Постепенно император и военный министр поняли, что Крым становится главной базой для устремления союзных войск. Меншиков по-прежнему просил дополнительных дивизий для охраны Крыма, но император укорял его тем, что людей у него вполне достаточно, мол, можешь рассчитывать только на собственные силы, пошлет только 16 дивизию, которая, возможно, подойдет во время. Император Николай писал князю Меншикову, что с прибытием 16-й дивизии не только Севастополь будет вполне обеспечен от всякой попытки овладеть им и с моря, и с сухого пути, а вскоре эту дивизию необходимо отправить на Керчь.

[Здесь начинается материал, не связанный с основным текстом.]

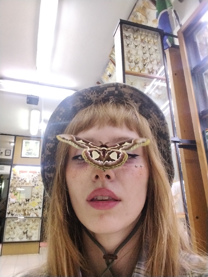 A woman with freckled skin and a camouflage hat has a large moth perched on her nose. She has light blonde hair with blunt bangs and dark eyeliner. Two small silver studs are visible on her right cheek. Her lips are slightly parted and tinted pink. Behind her are displays of pinned butterflies and moths, suggesting she is in a museum or collection. Fluorescent lighting illuminates the scene from above.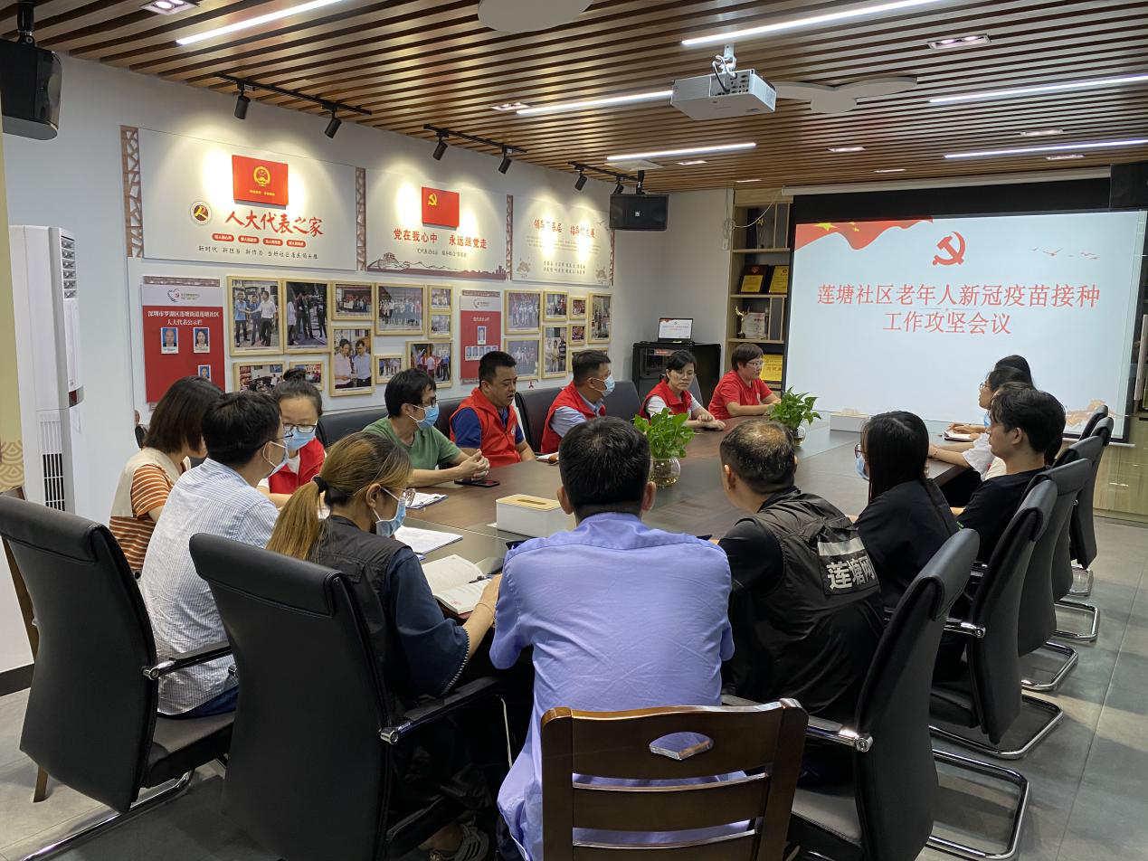 莲塘社区讯:为进一步落实省市的部署和要求,统筹做好应对和处置疫情防控工作,高度重视常态化疫情防控,加快推进新冠疫苗接种工作,筑牢外防输入、内防反弹严密防线,根据罗湖区疫情防控指挥部的要求,2021年9月1日下午,莲塘社区组织召开老年人新冠疫苗接种工作攻坚会议,街道机关攻坚组成员及社区工作站攻坚组有关人员参加会议。

Но и после докладных записок Милютина стратегический план войны так и не был принят, все зависело от Австрии, где продолжалась вот уже много месяцев дипломатическая двуличная игра: русский император дал понять, что он готов к примирению. В связи с этим Николай Первый решил убрать престарелого балтийского барона Мейендорфа, флегматичного и уступчивого, на его место послом России в Вене был назначен умный, опытный, живой, честолюбивый, бойкий на язык князь Александр Михайлович Горчаков, он был вызван в Петергоф, получил инструкции императора и графа Нессельроде, здесь-то и познакомился Милютин с князем Горчаковым.
Вскоре от Горчакова стали поступать корреспонденции, из которых можно было узнать, что по-прежнему самым яростным врагом России в Австрии был министр иностранных дел Буоль, с которым приходится очень много разговаривать, умеряя его колкости по адресу России, но финансы Австрии расстроены, они стремятся в этой сложной обстановке извлечь как можно больше выгод для Австрии, вот почему их двуличная игра продолжается, даже несмотря на открывшиеся военные действия с обеих сторон. Вот почему Австрия вновь затеяла переговоры о новом протоколе мирных переговоров, выдвинув четыре основных пункта, которые император России отверг.
Милютин, как и многие светские петербуржцы, с печалью узнал, что сын историка Николая Михайловича Карамзина Андрей Карамзин, далекий от военных дел (дали ему, как добровольцу, высокое звание полковника), во главе отряда пошел в атаку и погиб в расцвете лет. Скорбная весть потрясла многих петербуржцев, его родные широко принимали светское общество, у них так много было знакомых…
А действия военных дивизий продолжались и на Дунае, и на Кавказе, и в Крыму. Удивило то, что князь Меншиков холодно принял инженера-подполковника Тотлебена, прибывшего по поручению князя Горчакова, как очень хорошего специалиста по осадным работам, был принят с таким пренебрежением, что Тотлебен оставался без дела, почувствовал себя таким лишним в Севастополе, что думал покинуть Севастополь и вернуться к князю Горчакову в Дунайскую армию. Но вскоре передумал…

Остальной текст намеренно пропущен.